* **INSTRUCTIONS FOR THE TASK**
Every entry below should be restated word for word, except for its images.

* **EXTRACTED MATERIAL**
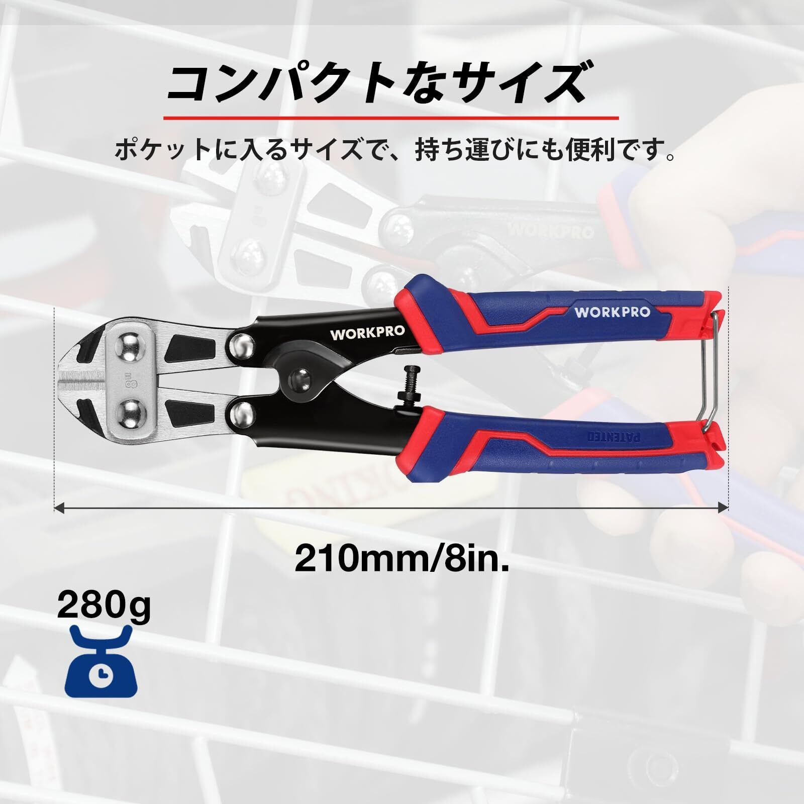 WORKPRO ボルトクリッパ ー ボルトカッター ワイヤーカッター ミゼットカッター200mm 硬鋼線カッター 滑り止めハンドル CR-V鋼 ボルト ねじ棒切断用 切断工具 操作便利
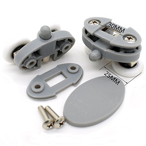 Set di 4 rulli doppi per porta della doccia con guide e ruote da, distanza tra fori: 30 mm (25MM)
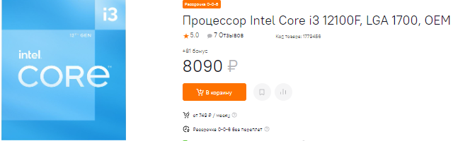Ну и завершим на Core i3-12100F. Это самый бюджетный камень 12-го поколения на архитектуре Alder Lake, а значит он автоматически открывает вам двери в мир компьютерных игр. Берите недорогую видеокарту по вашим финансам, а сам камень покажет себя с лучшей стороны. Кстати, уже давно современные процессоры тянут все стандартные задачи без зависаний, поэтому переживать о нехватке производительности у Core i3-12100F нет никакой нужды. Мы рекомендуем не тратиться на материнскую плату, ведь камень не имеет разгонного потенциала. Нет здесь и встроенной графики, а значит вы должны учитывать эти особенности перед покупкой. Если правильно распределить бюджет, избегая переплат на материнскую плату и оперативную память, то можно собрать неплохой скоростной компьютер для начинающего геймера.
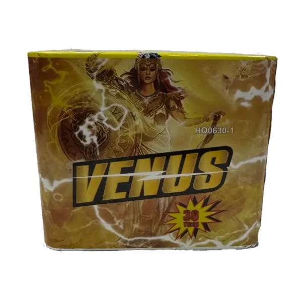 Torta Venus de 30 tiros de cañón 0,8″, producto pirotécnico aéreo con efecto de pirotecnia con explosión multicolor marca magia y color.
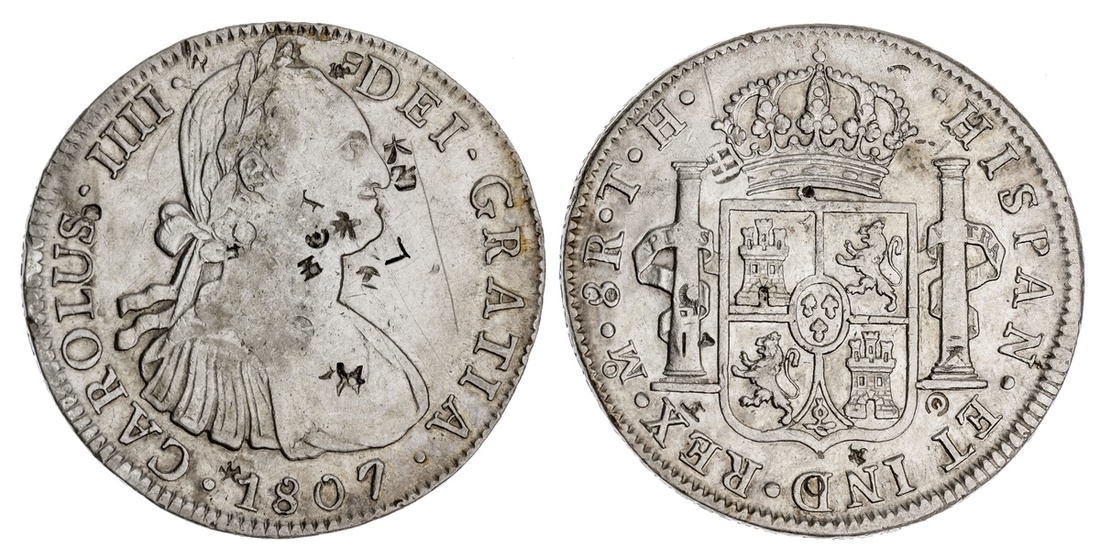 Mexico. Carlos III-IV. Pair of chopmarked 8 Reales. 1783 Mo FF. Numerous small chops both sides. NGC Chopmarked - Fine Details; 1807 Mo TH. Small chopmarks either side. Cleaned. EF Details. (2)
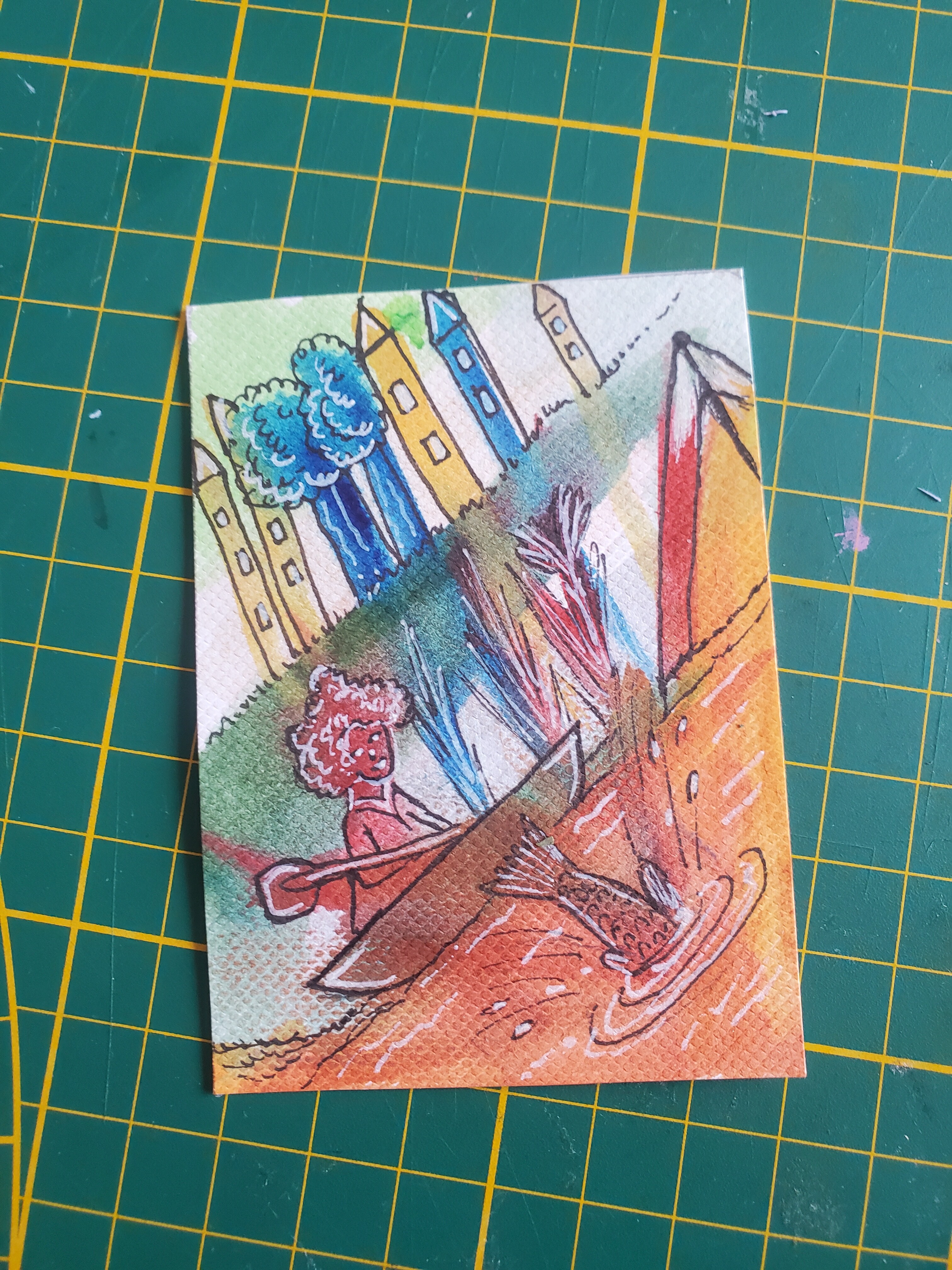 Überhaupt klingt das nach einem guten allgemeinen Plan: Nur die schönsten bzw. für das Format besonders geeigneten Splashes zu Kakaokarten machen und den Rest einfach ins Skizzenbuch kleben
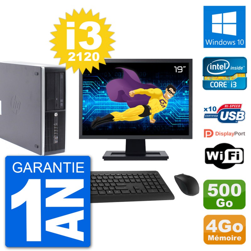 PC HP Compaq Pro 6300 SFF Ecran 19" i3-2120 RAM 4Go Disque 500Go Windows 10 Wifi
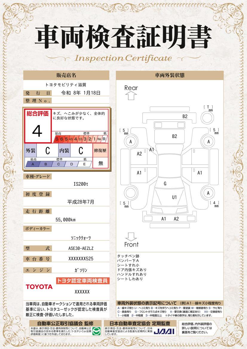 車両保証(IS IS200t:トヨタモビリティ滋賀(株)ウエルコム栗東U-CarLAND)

* **RESULT FOR THIS EXERCISE**
 WORKPRO ボルトクリッパ ー ボルトカッター ワイヤーカッター ミゼットカッター200mm 硬鋼線カッター 滑り止めハンドル CR-V鋼 ボルト ねじ棒切断用 切断工具 操作便利
 Set di 4 rulli doppi per porta della doccia con guide e ruote da, distanza tra fori: 30 mm (25MM)
Ну и завершим на Core i3-12100F. Это самый бюджетный камень 12-го поколения на архитектуре Alder Lake, а значит он автоматически открывает вам двери в мир компьютерных игр. Берите недорогую видеокарту по вашим финансам, а сам камень покажет себя с лучшей стороны. Кстати, уже давно современные процессоры тянут все стандартные задачи без зависаний, поэтому переживать о нехватке производительности у Core i3-12100F нет никакой нужды. Мы рекомендуем не тратиться на материнскую плату, ведь камень не имеет разгонного потенциала. Нет здесь и встроенной графики, а значит вы должны учитывать эти особенности перед покупкой. Если правильно распределить бюджет, избегая переплат на материнскую плату и оперативную память, то можно собрать неплохой скоростной компьютер для начинающего геймера.
 Torta Venus de 30 tiros de cañón 0,8″, producto pirotécnico aéreo con efecto de pirotecnia con explosión multicolor marca magia y color.
 Mexico. Carlos III-IV. Pair of chopmarked 8 Reales. 1783 Mo FF. Numerous small chops both sides. NGC Chopmarked - Fine Details; 1807 Mo TH. Small chopmarks either side. Cleaned. EF Details. (2)
 Überhaupt klingt das nach einem guten allgemeinen Plan: Nur die schönsten bzw. für das Format besonders geeigneten Splashes zu Kakaokarten machen und den Rest einfach ins Skizzenbuch kleben
 PC HP Compaq Pro 6300 SFF Ecran 19" i3-2120 RAM 4Go Disque 500Go Windows 10 Wifi
 車両保証(IS IS200t:トヨタモビリティ滋賀(株)ウエルコム栗東U-CarLAND)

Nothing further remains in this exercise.